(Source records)
────────────────

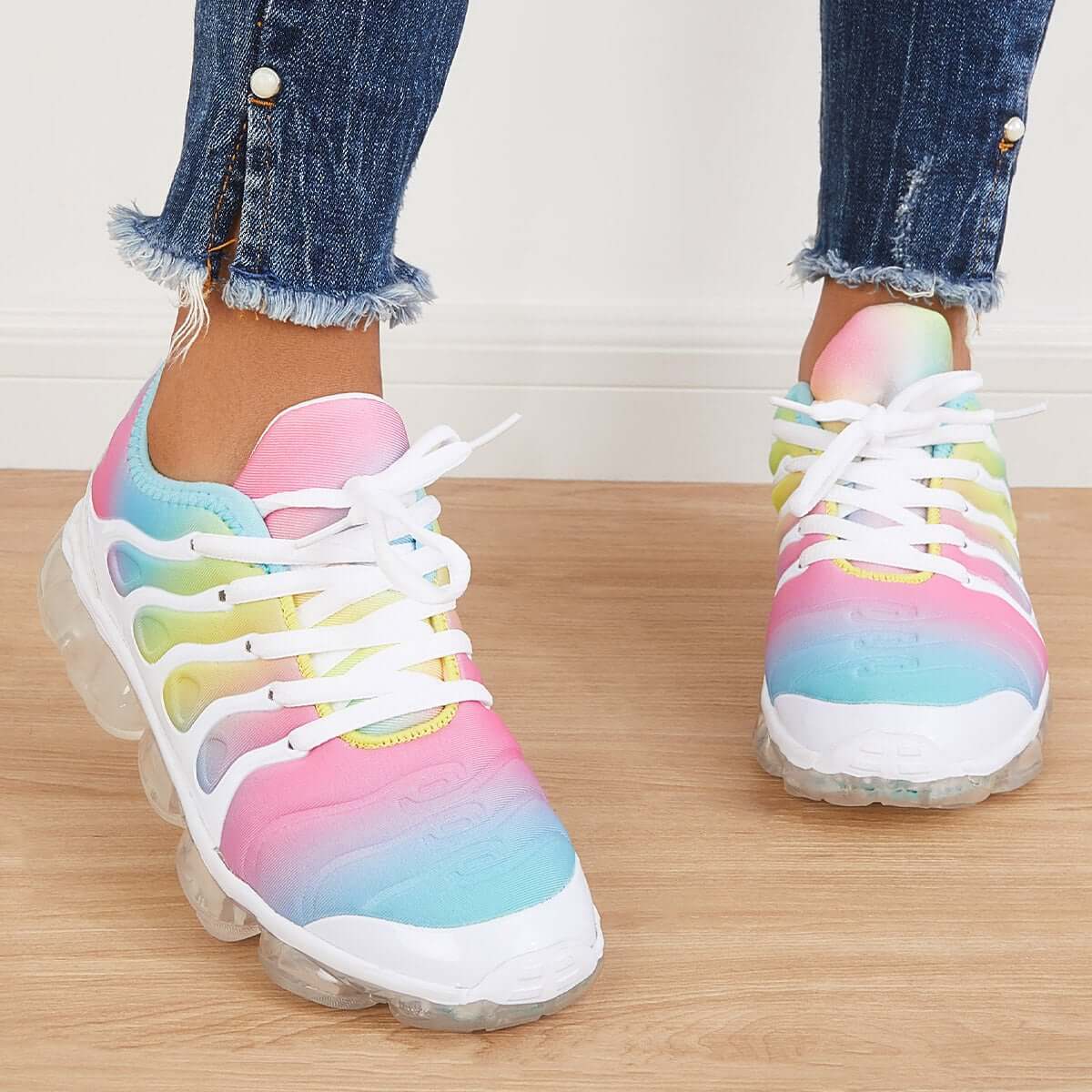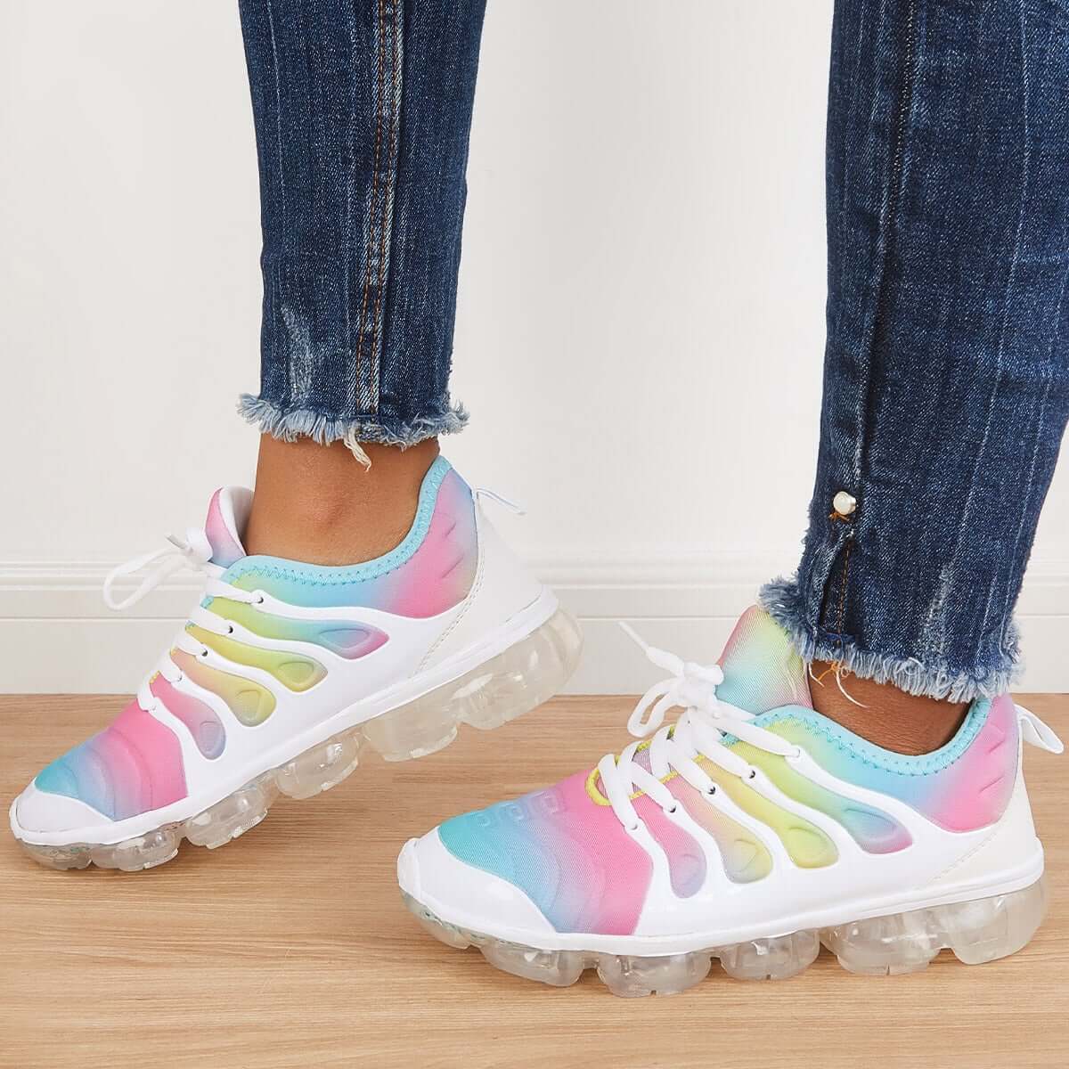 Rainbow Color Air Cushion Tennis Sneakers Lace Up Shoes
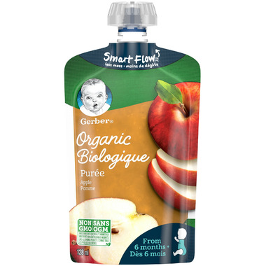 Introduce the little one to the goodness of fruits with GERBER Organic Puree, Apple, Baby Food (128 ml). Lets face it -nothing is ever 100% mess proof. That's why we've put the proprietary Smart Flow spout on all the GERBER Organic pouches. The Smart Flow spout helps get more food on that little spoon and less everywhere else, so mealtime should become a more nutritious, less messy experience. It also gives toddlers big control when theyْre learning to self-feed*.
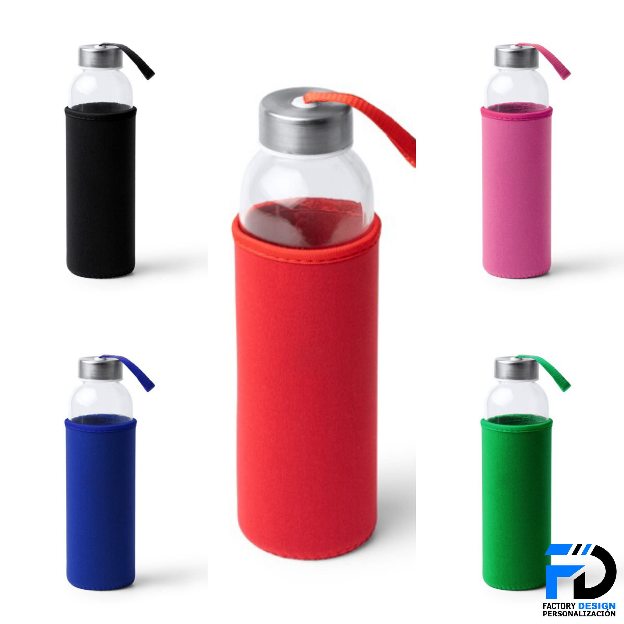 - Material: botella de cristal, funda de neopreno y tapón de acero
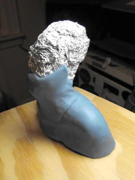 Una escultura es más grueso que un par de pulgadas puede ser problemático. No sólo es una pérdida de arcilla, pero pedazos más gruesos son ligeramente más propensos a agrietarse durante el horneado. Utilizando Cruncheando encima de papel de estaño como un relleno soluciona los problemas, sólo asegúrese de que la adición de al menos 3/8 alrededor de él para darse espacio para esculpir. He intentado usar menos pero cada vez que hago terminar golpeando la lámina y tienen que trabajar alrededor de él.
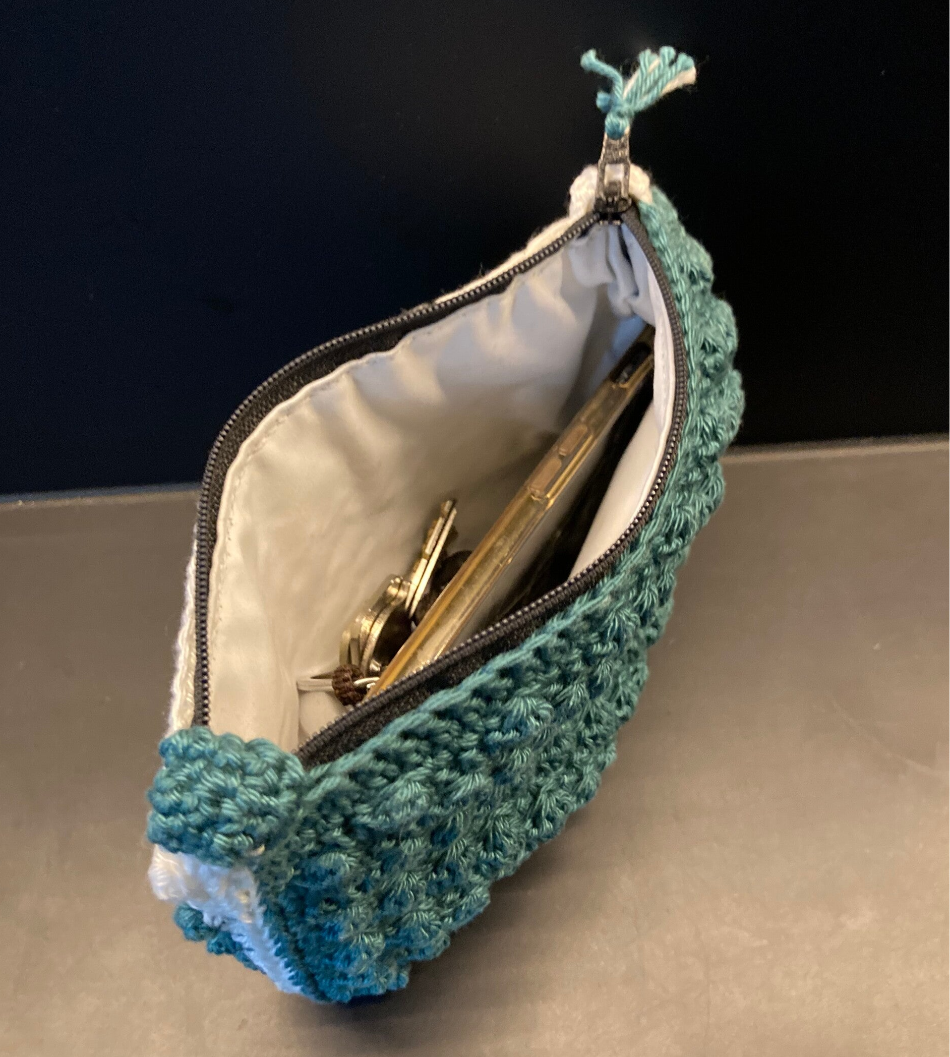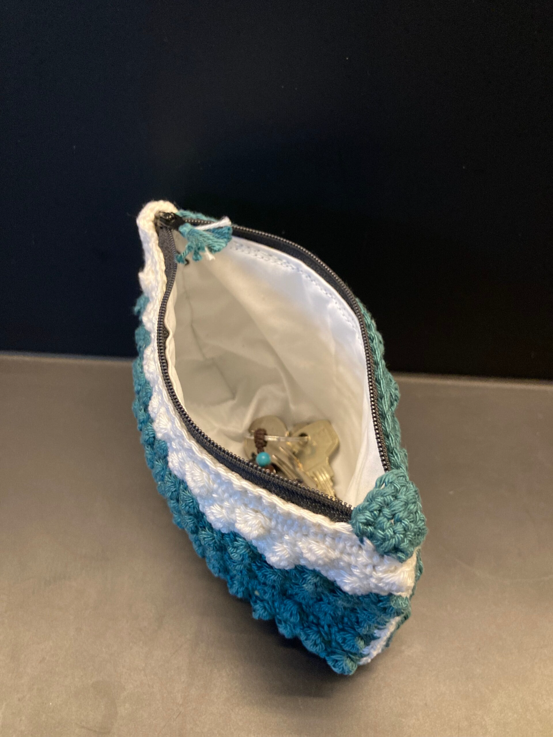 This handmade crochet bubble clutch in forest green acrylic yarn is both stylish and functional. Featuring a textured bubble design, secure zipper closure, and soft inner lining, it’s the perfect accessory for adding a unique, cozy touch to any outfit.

────────────────

Nothing but the lines from the first line of the data through the line with "- Material: botella" belongs in the answer, copied exactly and without pictures.

Solution to the exercise:
 Rainbow Color Air Cushion Tennis Sneakers Lace Up Shoes
 Introduce the little one to the goodness of fruits with GERBER Organic Puree, Apple, Baby Food (128 ml). Lets face it -nothing is ever 100% mess proof. That's why we've put the proprietary Smart Flow spout on all the GERBER Organic pouches. The Smart Flow spout helps get more food on that little spoon and less everywhere else, so mealtime should become a more nutritious, less messy experience. It also gives toddlers big control when theyْre learning to self-feed*.
 - Material: botella de cristal, funda de neopreno y tapón de acero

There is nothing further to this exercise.